§ **What needs to be done**
From the line that contains "anzeigen | |" through the last line of the data, copy everything exactly and nothing else, omitting the pictures.

★ ★ ★ ★

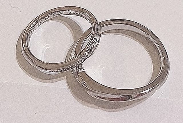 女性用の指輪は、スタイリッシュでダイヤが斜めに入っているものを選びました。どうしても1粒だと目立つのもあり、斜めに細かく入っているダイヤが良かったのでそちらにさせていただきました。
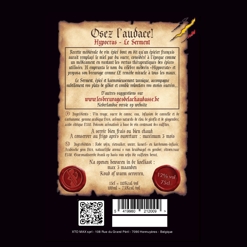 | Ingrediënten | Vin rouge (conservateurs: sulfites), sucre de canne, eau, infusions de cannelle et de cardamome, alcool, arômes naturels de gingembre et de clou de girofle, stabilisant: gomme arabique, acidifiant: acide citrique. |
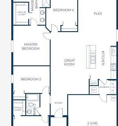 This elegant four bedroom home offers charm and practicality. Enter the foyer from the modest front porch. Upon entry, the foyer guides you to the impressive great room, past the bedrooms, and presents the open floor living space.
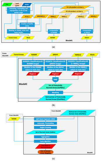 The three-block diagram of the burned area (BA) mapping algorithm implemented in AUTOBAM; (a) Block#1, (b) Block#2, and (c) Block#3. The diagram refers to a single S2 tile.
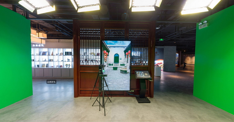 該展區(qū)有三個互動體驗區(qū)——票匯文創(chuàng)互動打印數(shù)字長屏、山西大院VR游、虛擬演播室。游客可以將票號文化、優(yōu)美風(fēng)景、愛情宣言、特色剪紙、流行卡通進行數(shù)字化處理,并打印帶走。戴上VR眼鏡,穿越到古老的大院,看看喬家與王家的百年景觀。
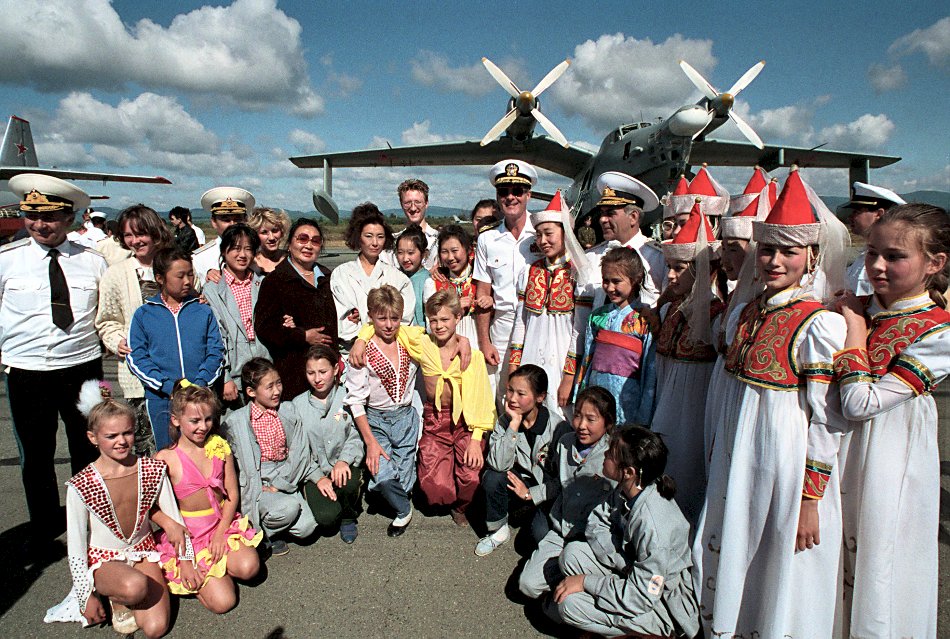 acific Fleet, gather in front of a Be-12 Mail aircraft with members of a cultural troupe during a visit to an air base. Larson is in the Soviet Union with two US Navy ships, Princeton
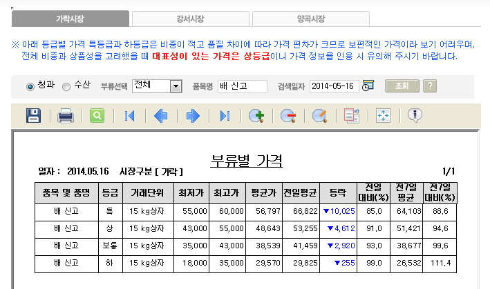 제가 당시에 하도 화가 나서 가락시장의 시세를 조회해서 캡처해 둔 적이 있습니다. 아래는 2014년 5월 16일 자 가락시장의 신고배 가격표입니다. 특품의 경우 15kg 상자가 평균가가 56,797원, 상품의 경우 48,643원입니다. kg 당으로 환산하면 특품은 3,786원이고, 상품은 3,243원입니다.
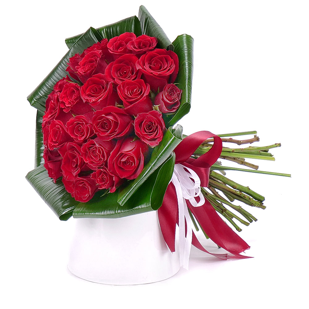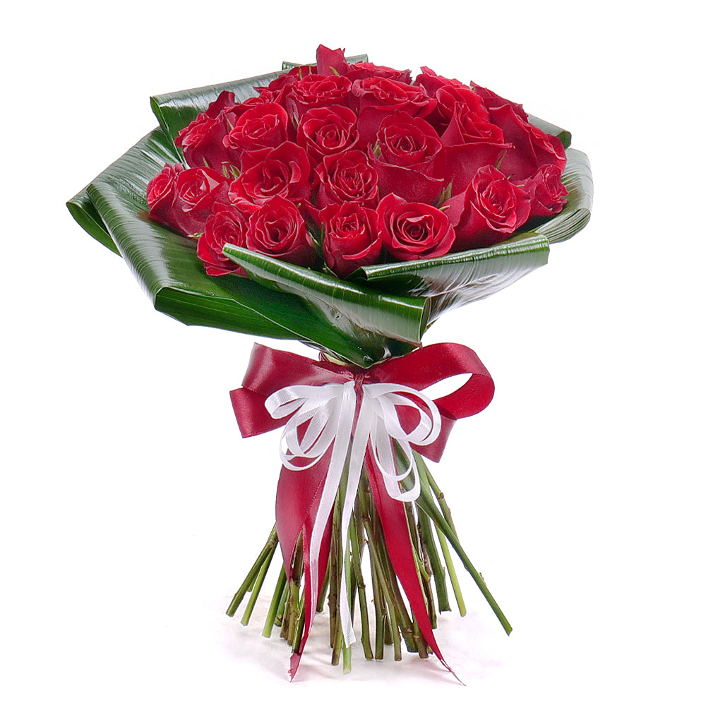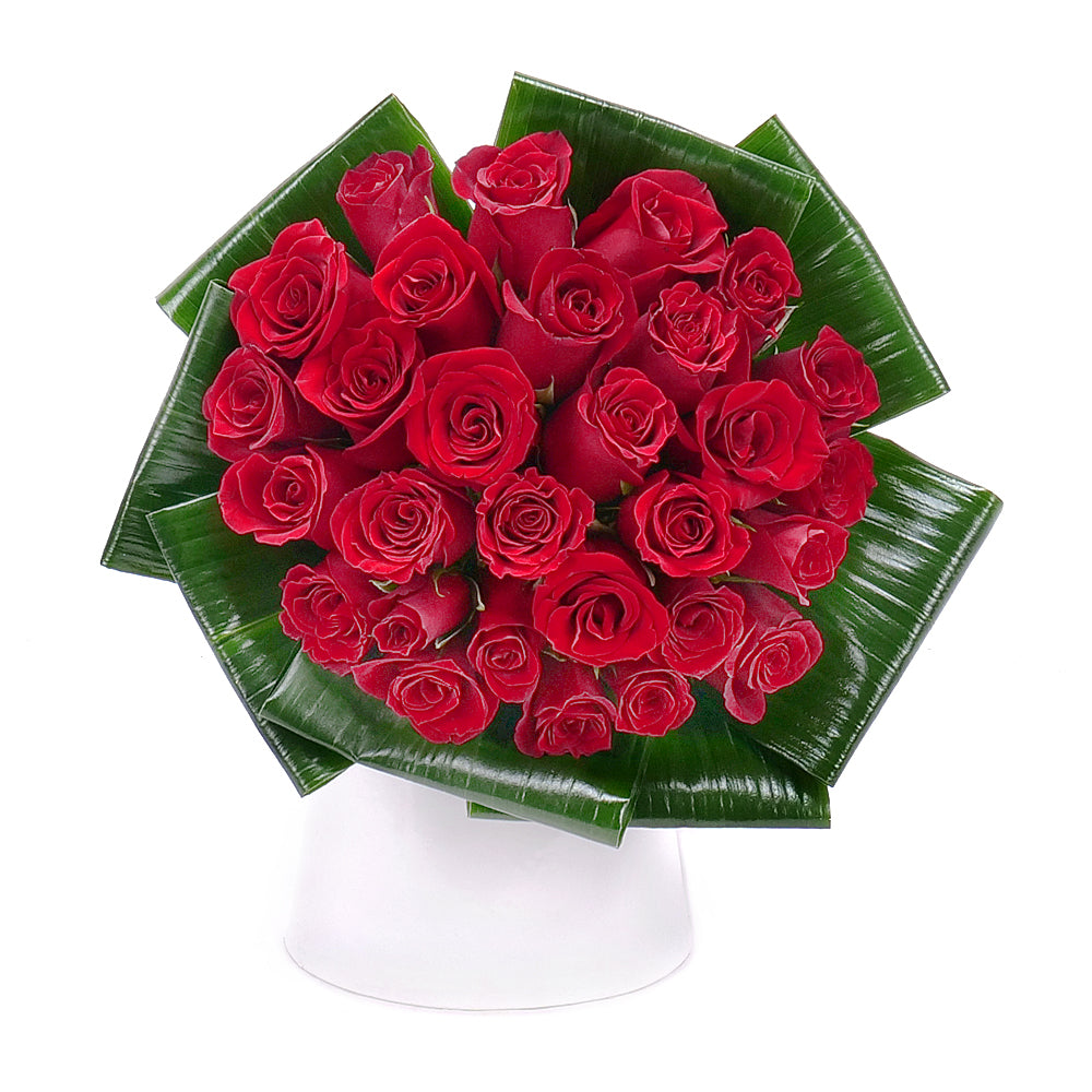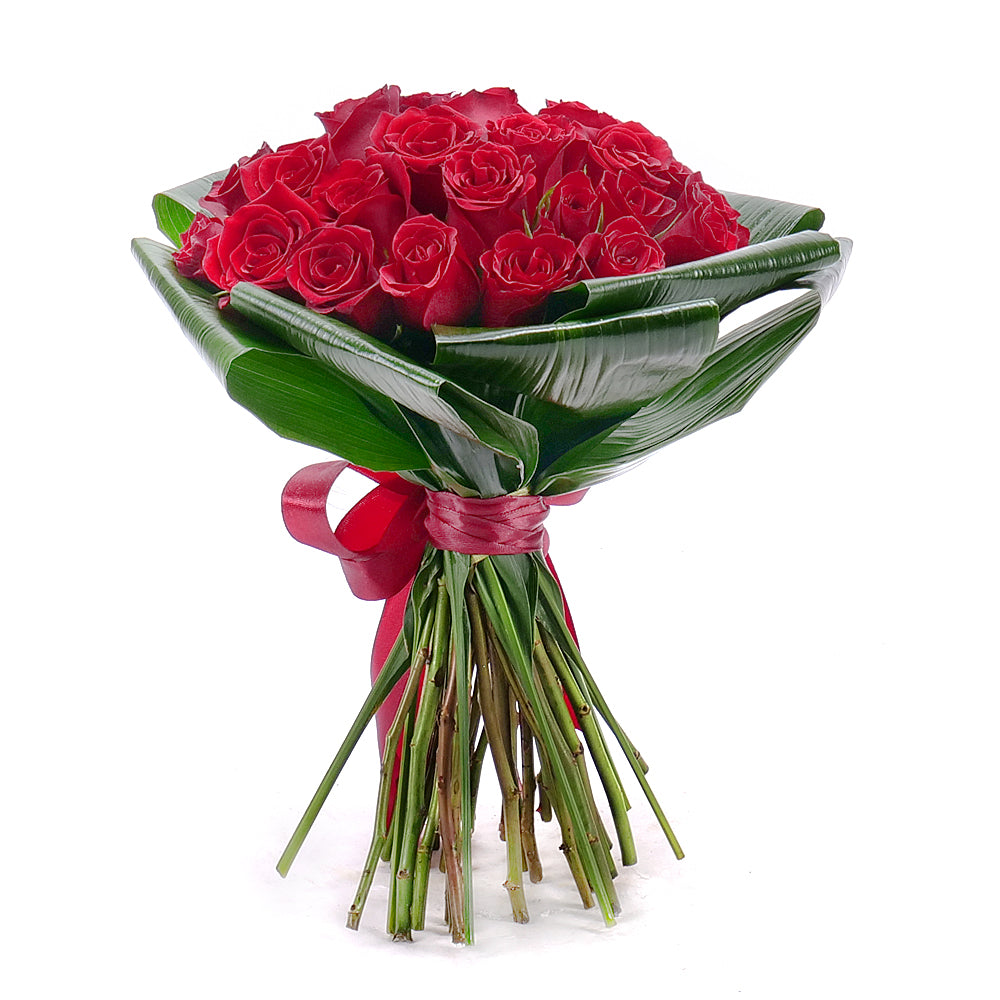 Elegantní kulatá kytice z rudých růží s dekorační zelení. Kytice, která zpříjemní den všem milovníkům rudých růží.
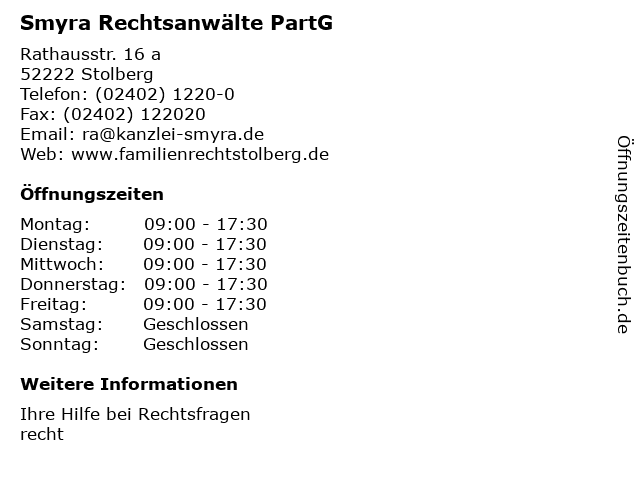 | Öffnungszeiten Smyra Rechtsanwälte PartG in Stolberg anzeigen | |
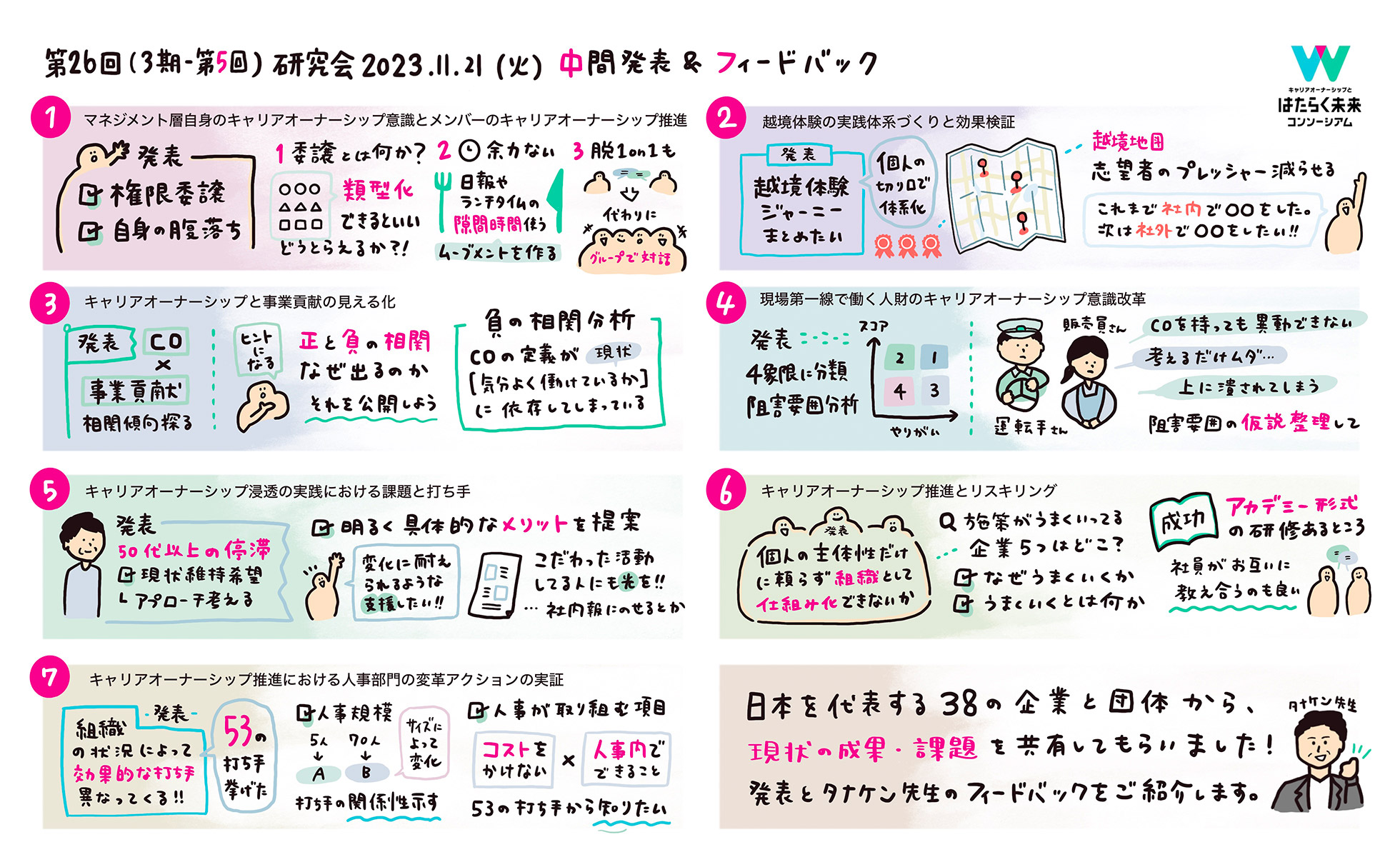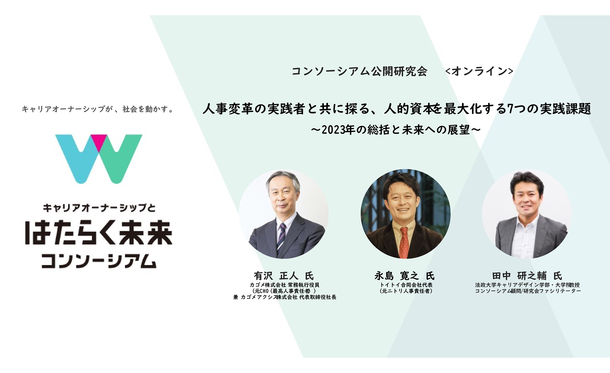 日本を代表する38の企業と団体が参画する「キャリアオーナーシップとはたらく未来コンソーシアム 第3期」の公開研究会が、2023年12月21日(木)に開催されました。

★ ★ ★ ★

§ **Result of this exercise**
 | Öffnungszeiten Smyra Rechtsanwälte PartG in Stolberg anzeigen | |
 日本を代表する38の企業と団体が参画する「キャリアオーナーシップとはたらく未来コンソーシアム 第3期」の公開研究会が、2023年12月21日(木)に開催されました。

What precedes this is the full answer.